§ **Input data**
━━━━━━━━━━━━━━━━━━━━
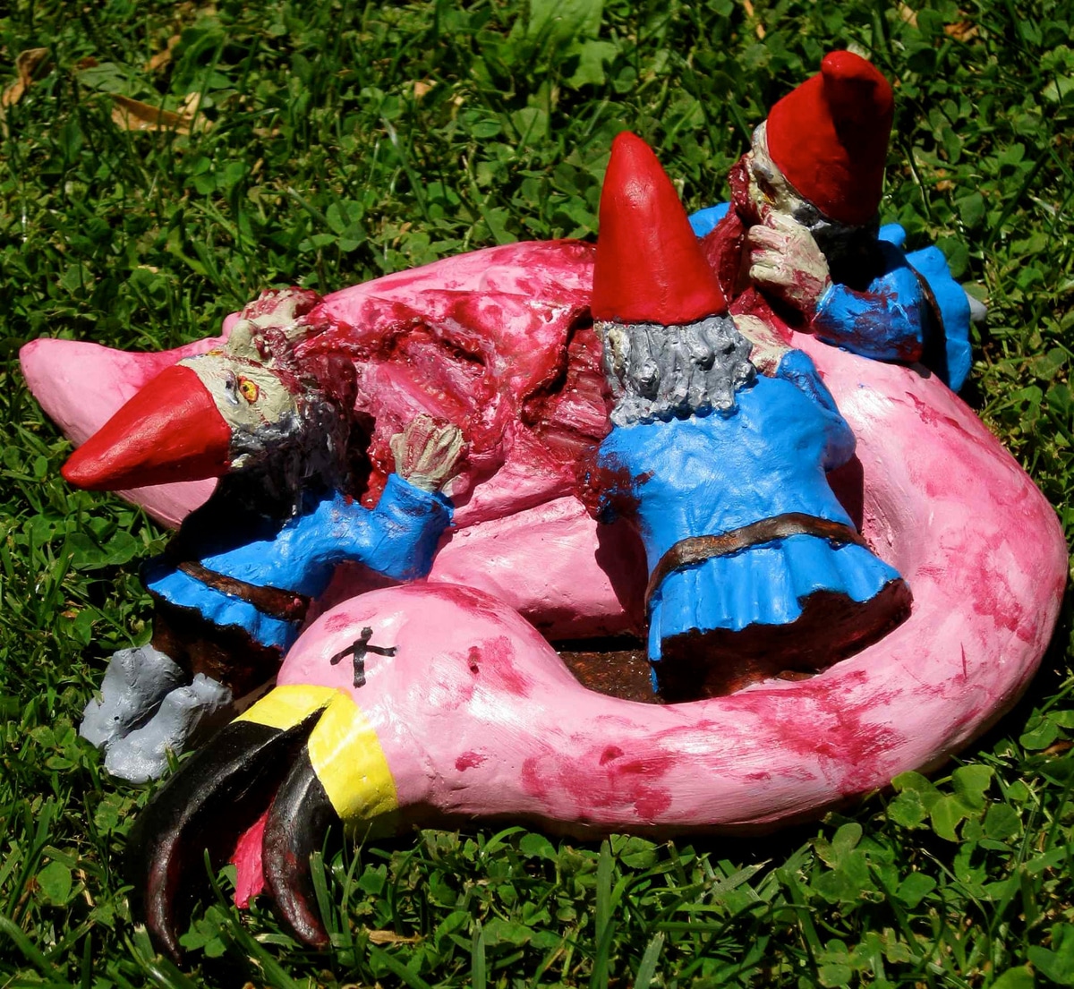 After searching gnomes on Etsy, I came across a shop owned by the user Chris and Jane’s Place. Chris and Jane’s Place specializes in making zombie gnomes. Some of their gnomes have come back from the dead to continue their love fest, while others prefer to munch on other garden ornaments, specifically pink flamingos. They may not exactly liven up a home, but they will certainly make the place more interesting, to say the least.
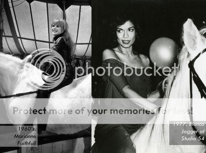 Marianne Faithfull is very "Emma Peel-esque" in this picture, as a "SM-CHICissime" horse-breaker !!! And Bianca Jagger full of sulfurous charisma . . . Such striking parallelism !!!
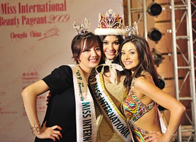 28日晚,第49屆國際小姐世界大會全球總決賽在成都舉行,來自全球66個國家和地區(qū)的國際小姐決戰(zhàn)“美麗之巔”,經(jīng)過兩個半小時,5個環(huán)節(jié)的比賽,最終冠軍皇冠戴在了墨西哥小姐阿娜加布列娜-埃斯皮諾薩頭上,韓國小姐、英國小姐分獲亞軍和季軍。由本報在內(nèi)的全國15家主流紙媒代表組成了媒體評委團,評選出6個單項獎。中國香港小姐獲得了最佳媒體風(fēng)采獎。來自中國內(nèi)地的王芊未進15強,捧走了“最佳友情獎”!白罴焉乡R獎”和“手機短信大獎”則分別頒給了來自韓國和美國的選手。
━━━━━━━━━━━━━━━━━━━━
§ **What the task requires**
Please copy the data above exactly; the pictures do not belong in the copy.

§ **Problem solution**
 After searching gnomes on Etsy, I came across a shop owned by the user Chris and Jane’s Place. Chris and Jane’s Place specializes in making zombie gnomes. Some of their gnomes have come back from the dead to continue their love fest, while others prefer to munch on other garden ornaments, specifically pink flamingos. They may not exactly liven up a home, but they will certainly make the place more interesting, to say the least.
 Marianne Faithfull is very "Emma Peel-esque" in this picture, as a "SM-CHICissime" horse-breaker !!! And Bianca Jagger full of sulfurous charisma . . . Such striking parallelism !!!
 28日晚,第49屆國際小姐世界大會全球總決賽在成都舉行,來自全球66個國家和地區(qū)的國際小姐決戰(zhàn)“美麗之巔”,經(jīng)過兩個半小時,5個環(huán)節(jié)的比賽,最終冠軍皇冠戴在了墨西哥小姐阿娜加布列娜-埃斯皮諾薩頭上,韓國小姐、英國小姐分獲亞軍和季軍。由本報在內(nèi)的全國15家主流紙媒代表組成了媒體評委團,評選出6個單項獎。中國香港小姐獲得了最佳媒體風(fēng)采獎。來自中國內(nèi)地的王芊未進15強,捧走了“最佳友情獎”!白罴焉乡R獎”和“手機短信大獎”則分別頒給了來自韓國和美國的選手。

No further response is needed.